Problem requirements
Among the lines of the listing below, retype exactly those from the one containing "Шар с гелием" through the one containing "Fienza Finger Pull", both included. Do not include pictures.

Source material
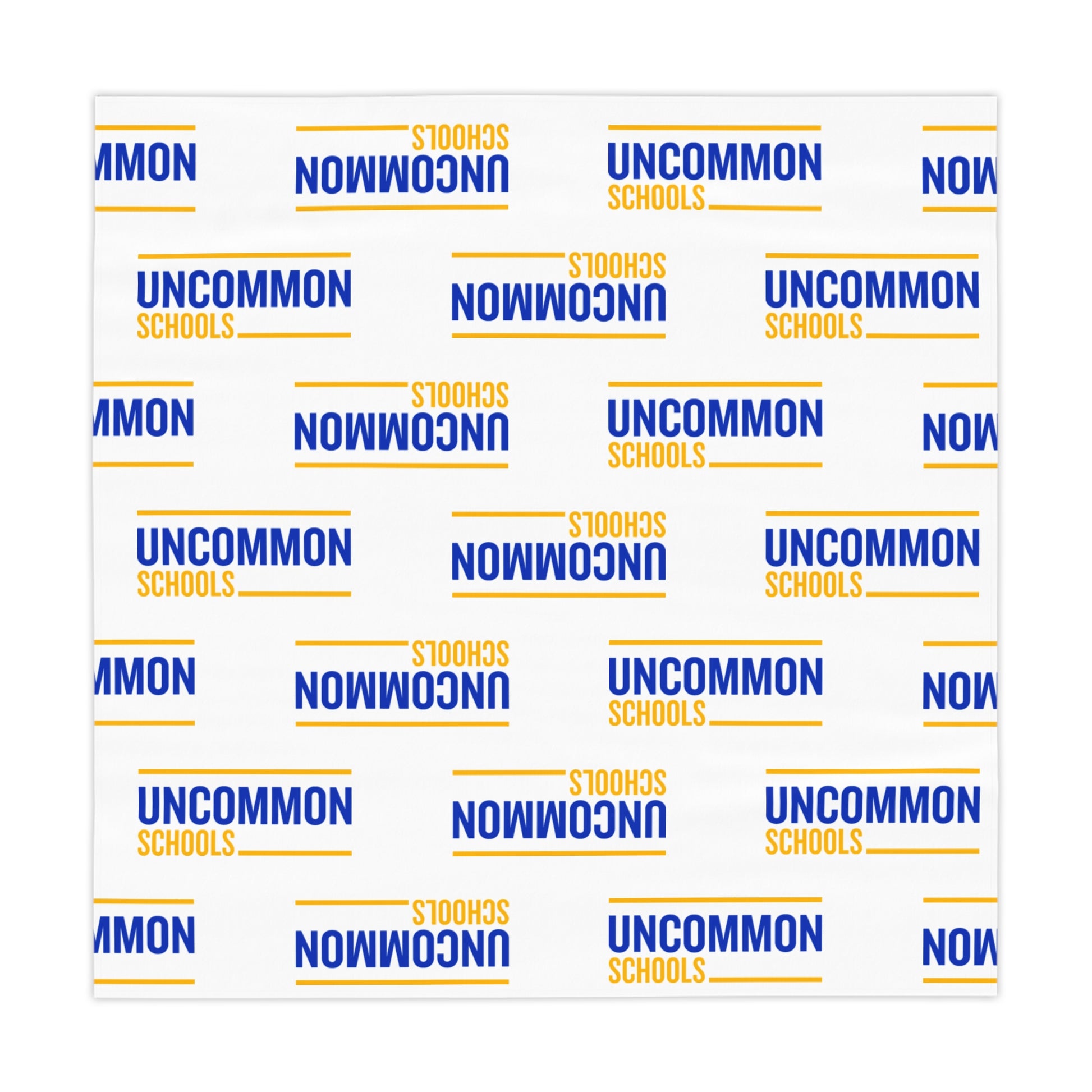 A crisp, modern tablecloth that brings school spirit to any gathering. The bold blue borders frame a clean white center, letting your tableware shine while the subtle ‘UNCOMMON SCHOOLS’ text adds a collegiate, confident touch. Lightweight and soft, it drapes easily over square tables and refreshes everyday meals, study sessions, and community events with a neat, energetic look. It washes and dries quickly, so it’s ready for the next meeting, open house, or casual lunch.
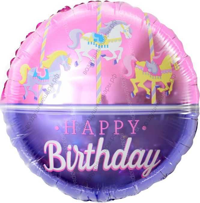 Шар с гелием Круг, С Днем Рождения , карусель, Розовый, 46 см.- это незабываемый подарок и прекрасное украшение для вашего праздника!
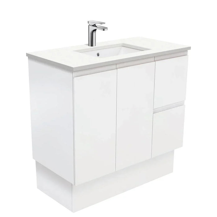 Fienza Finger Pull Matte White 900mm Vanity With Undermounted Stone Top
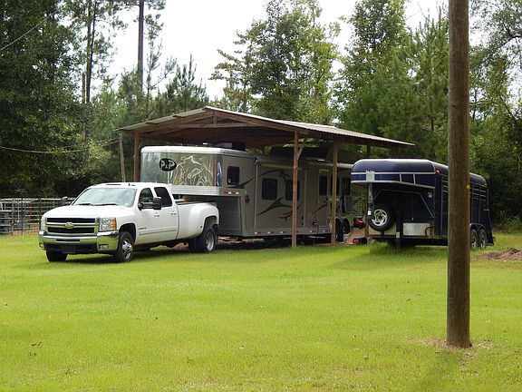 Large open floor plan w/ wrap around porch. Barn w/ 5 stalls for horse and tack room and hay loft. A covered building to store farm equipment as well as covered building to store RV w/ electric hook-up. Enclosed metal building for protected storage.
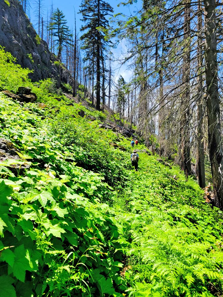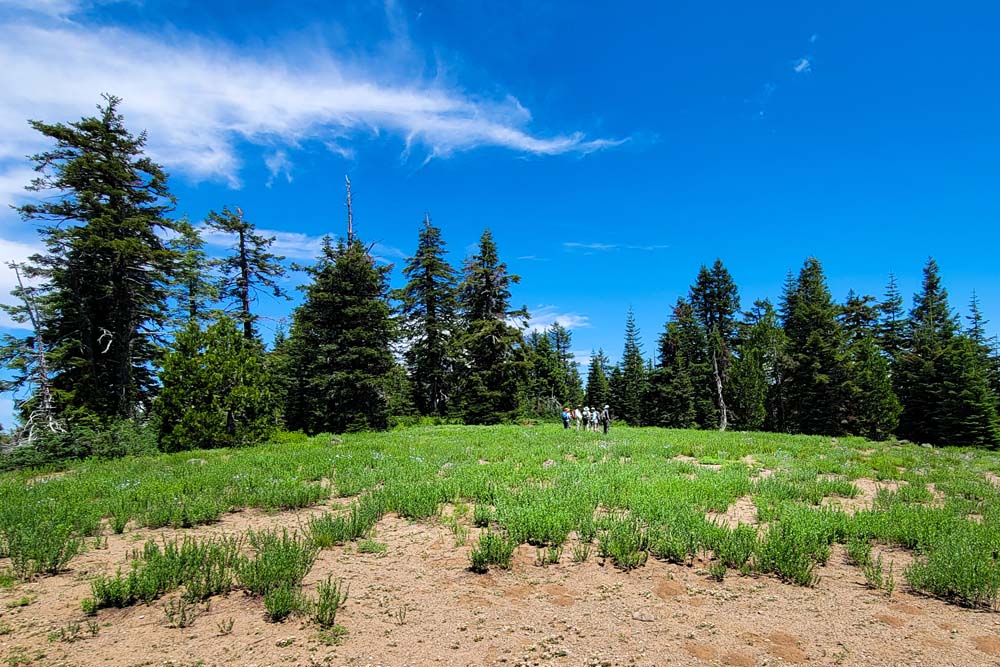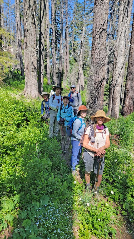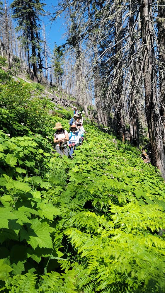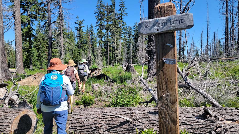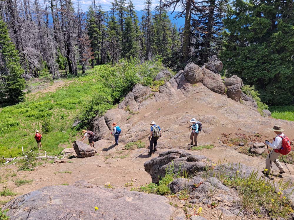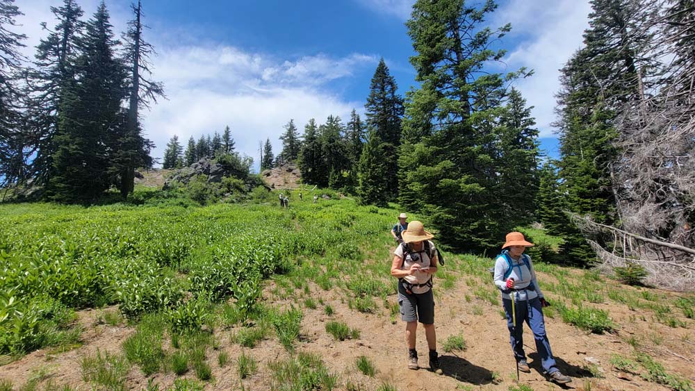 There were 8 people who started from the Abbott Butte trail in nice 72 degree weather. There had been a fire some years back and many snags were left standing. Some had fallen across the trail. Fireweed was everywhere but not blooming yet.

Your response
 Шар с гелием Круг, С Днем Рождения , карусель, Розовый, 46 см.- это незабываемый подарок и прекрасное украшение для вашего праздника!
 Fienza Finger Pull Matte White 900mm Vanity With Undermounted Stone Top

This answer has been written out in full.